= Ground tissue =

Category of tissue in plants

Flax stem cross-section:

The ground tissue of plants includes all tissues that are neither dermal nor vascular. The ground tissue is one of three main tissue systems: protective, ground, and vascular, each tissue system has a different role and functionality inside plant tissues. The protective system prevents dehydration and loss of water, the vascular system of transportation of water and molecules to maintain communication in various plant organs, the ground tissue is responsible for structural support as well as strength, metabolic activity, storage and photosynthesis. It can be divided into three types based on the nature of the cell walls. This tissue system is present between the dermal tissue and forms the main bulk of the plant body.

1. Parenchyma cells have thin primary walls and usually remain alive after they become mature.

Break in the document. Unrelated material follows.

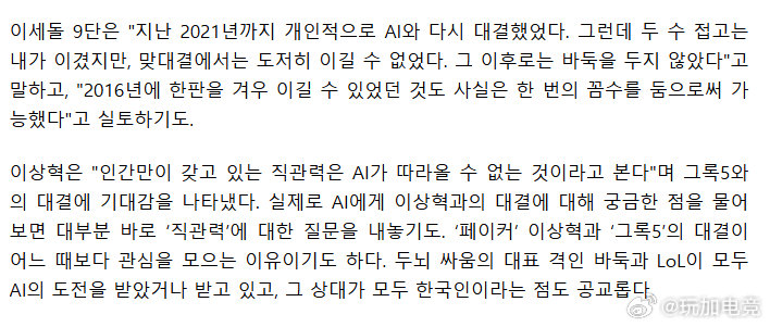 李相赫表示:“我认为人类独有的直觉,是 AI 无法追赶的”,表达了对与 Grok 5 对决的期待。事实上,向 AI 询问与李相赫对战的看点时,AI 大多都会立刻提到 “直觉”。这也是 Faker 李相赫与 Grok 5 的对决备受关注的原因之一。围棋与

Parenchyma forms the "filler" tissue in the soft parts of plants, and is usually present in cortex, pericycle, pith, and medullary rays in primary stem and root.
2. Collenchyma cells have thin primary walls with some areas of secondary thickening. Collenchyma provides extra mechanical and structural support, particularly in regions of new growth.
3. Sclerenchyma cells have thick lignified secondary walls and often die when mature. Sclerenchyma provides the main structural support to the plant.
4. Aerenchyma cells are found in aquatic plants. They are also known to be parenchyma cells with large air cavities surrounded by irregular cells which form columns called trabeculae.

==Parenchyma==
Parenchyma is a versatile ground tissue that generally constitutes the "filler" tissue in soft parts of plants. It forms, among other things, the cortex (outer region) and pith (central region) of stems, the cortex of roots, the mesophyll of leaves, the pulp of fruits, and the endosperm of seeds. Parenchyma cells are often living cells and may remain meristematic, meaning that they are capable of cell division if stimulated. They have thin and flexible cellulose cell walls and are generally polyhedral when close-packed, but can be roughly spherical when isolated from their neighbors. Parenchyma cells are generally large. They have large central vacuoles, which allow the cells to store and regulate ions, waste products, and water. Tissue specialised for food storage is commonly formed of parenchyma cells.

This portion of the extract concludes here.